What is more interesting is the discussion of who should be granted traditional knowledge rights—a debate which largely centers on the type of protection afforded by the agreement. Traditional knowledge protections can come in two basic varieties: “defensive” and “positive.” Defensive traditional knowledge protections ensure that rights to pre-existing content will not become restricted from use by the original community. This protection is typically achieved by instituting a registry or database of existing TK, providing prior art which will defeat future claims of originality or novelty by those trying to assert copyright or patent rights over TK content. Positive protections, however, grant exclusive rights over traditional knowledge that are analogous to the rights granted by copyright or patent law—rights that can be asserted to exclude, license, and profit from particular works. While the draft agreement certainly provides for some increased defensive protections, the bulk of the rights granting language focuses on positive rights.
The implications that this positive-defensive rights debate has on the scope of the global public domain is not lost on negotiators. While defensive protections essentially seek to document what should already be available for public use, positive protections seek to pull some works out of what, in the United States at least, would be considered the public domain. In the comments to the draft text it is clear that some delegates are resisting the push for strong positive rights. Norway and the United States, among others, are asking that the agreement find the “right balance between TK that was subject to protection and knowledge which was or had become part of the public domain.” The United States, echoing this concern, cited the WIPO Development Agenda’s call to “support a robust public domain in WIPO’s Member States” as reason to resist a broad positive rights framework.

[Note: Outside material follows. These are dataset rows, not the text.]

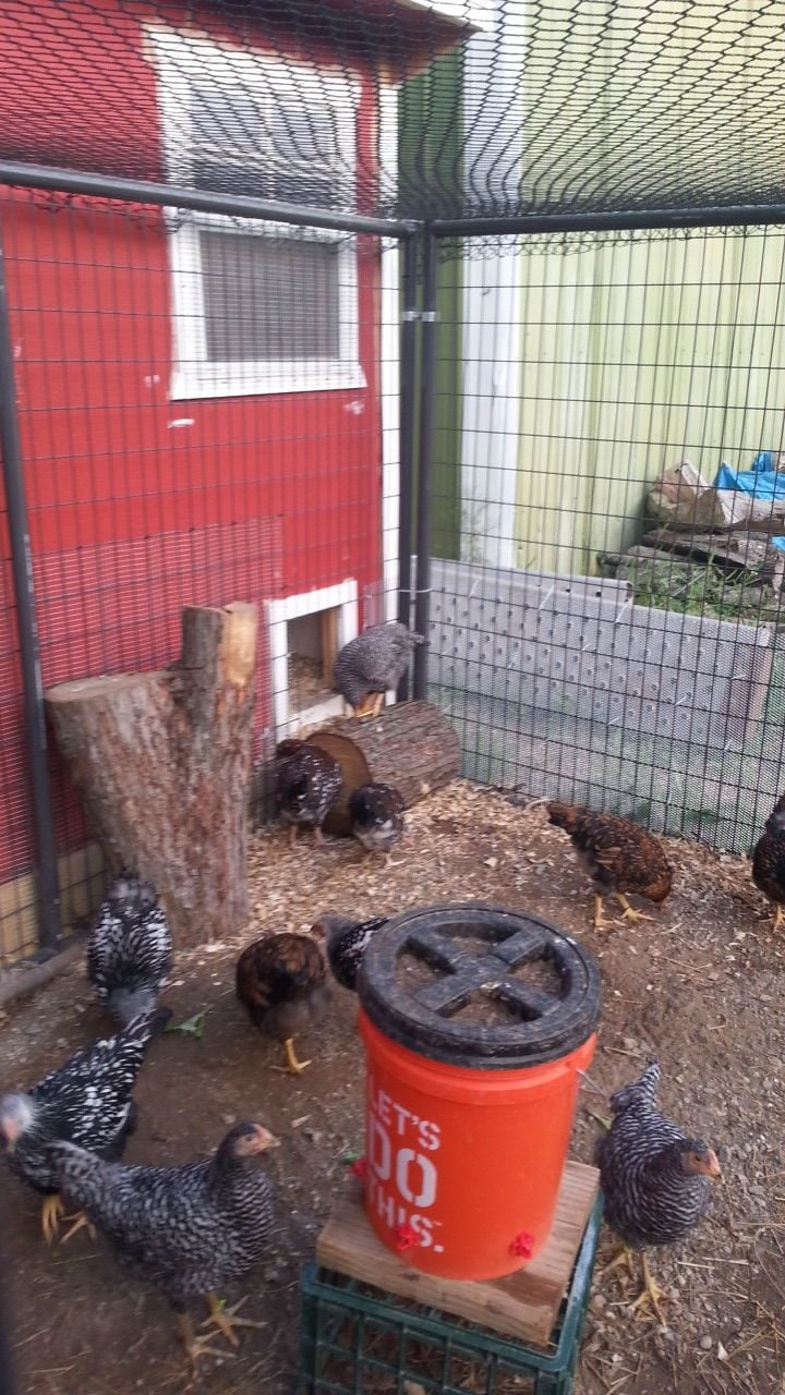 Added a stump for step down out of coop. The girls seem to love it and it came with a bug buffet.
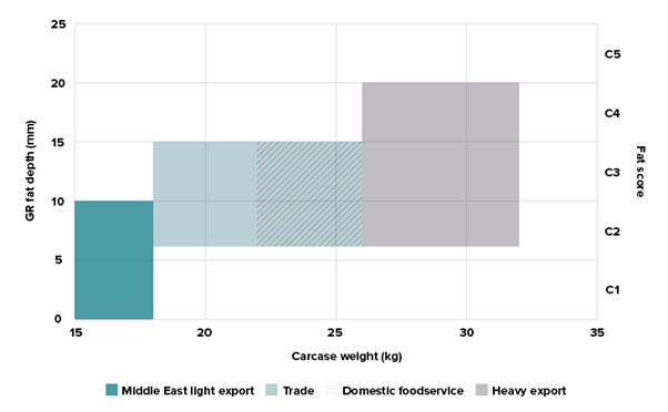 A guide to the range of carcase weight and fat depth specifications for different markets is shown here and the Fat scoring lambs and sheep tool guides producers on how to fat score and assess lambs in the yards.
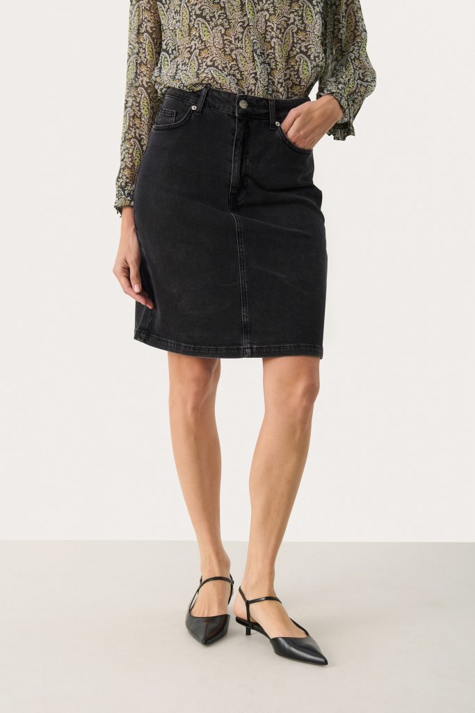 Denna svarta denim minikjol är en mångsidig garderobsklassiker. Tillverkad av premiumdenim, har den en smickrande hög midja och en klassisk design med fem fickor. Perfekt för både avslappnade och chica outfits, kombinera med en blus eller en T-shirt för en lättsam stil.
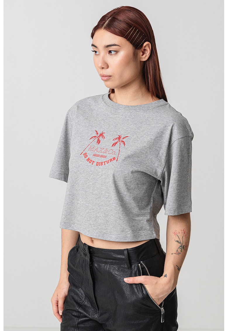 Caracteristici Culoare: gri deschis Imprimeu: text Material: bumbac Croiala: crop Model: decolteu la baza gatului Lungime maneca: maneca scurta Compozitie Exterior: 100% bumbac Info model Modelul poarta un produs de marimea S/38 IT. Marimi model: 173 cm inaltime
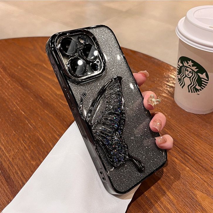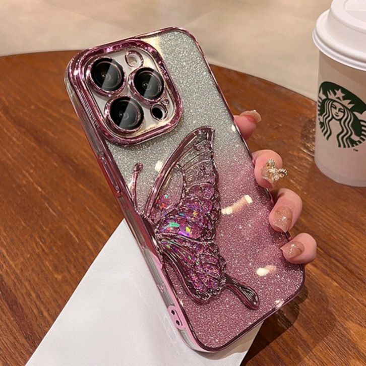 Luxury Quicksand Glitter Butterfly Case for iPhone 11 12 13 14 15 Pro Max Max plus Shinny Bling Clear Plating Soft case
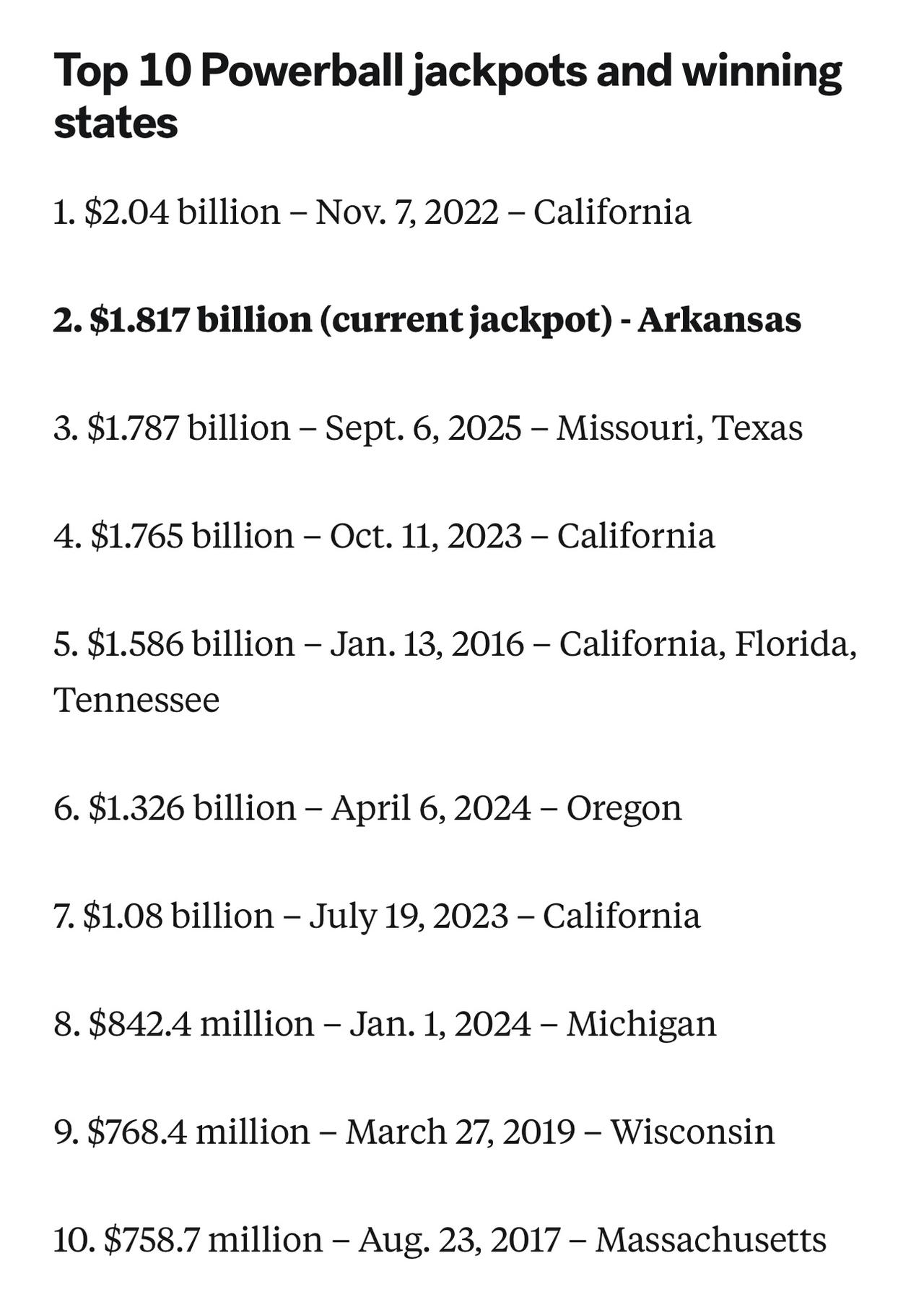 美国阿肯色州的一位强力球彩民在节日期间收到了一份难忘的礼物:据强力球彩票公司称,该州售出的一张彩票匹配了全部六个号码,赢得了 18.17 亿美元的头奖,这是美国彩票史上第二大奖金。
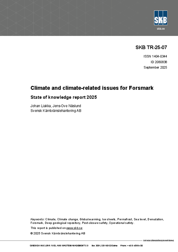 Climate and climate-related issues for Forsmark. State of knowledge report 2025

On the other end of the spectrum, representatives from developing nations made the point that already traditional knowledge—some of which would be thought of as in the public domain in the United States—is not freely available for anyone to use, and those given access should have responsibilities and obligations extending indefinitely into the future. The representative of one indigenous tribe made the following comment:
Public domain was a western concept that was designed for commerce and was a bargain that was set for a grant of private property rights for a limited amount of time after which knowledge would go into the public domain. Such a concept did not necessarily exist in indigenous knowledge systems.
True enough, but the underlying “commerce” concerns of the western public domain, in the United States at least, go to the very heart of its philosophy on the appropriate encouragement of the “progress science and the useful arts” and the scope of acceptable limitations on free speech.
As the draft text develops, it seems increasingly likely that this agreement will provide the first ever legal definition of the scope of the international public domain—something ACTA, TRIPS, Berne, and all other international IP agreements have thus far failed to do. While the move toward international protection of traditional knowledge has been a long time coming, this deliberate new focus on the scope of the public domain is, hopefully, a sign that that IP and trade representatives from the United States and Europe have (finally) come to acknowledge the importance of a vibrant public domain.
Bringing this back to the world of scholarly communications, positive protections that award rights over certain traditional knowledge works is somewhat worrisome because it is library collections that house some of the rare copies of expressions of traditional knowledge existing in the United States and other developed nations. Expanding international protections may severely curtail what academics can do with those works, and it will almost certainly limit their ability to collect some of these works in the future. The big picture impact of this traditional knowledge agreement remains to be seen, but the scope of the public domain is at play—for traditional knowledge specifically, but inevitably outlining its scope in general—and that is a concern which extends far beyond libraries and the scholarly world.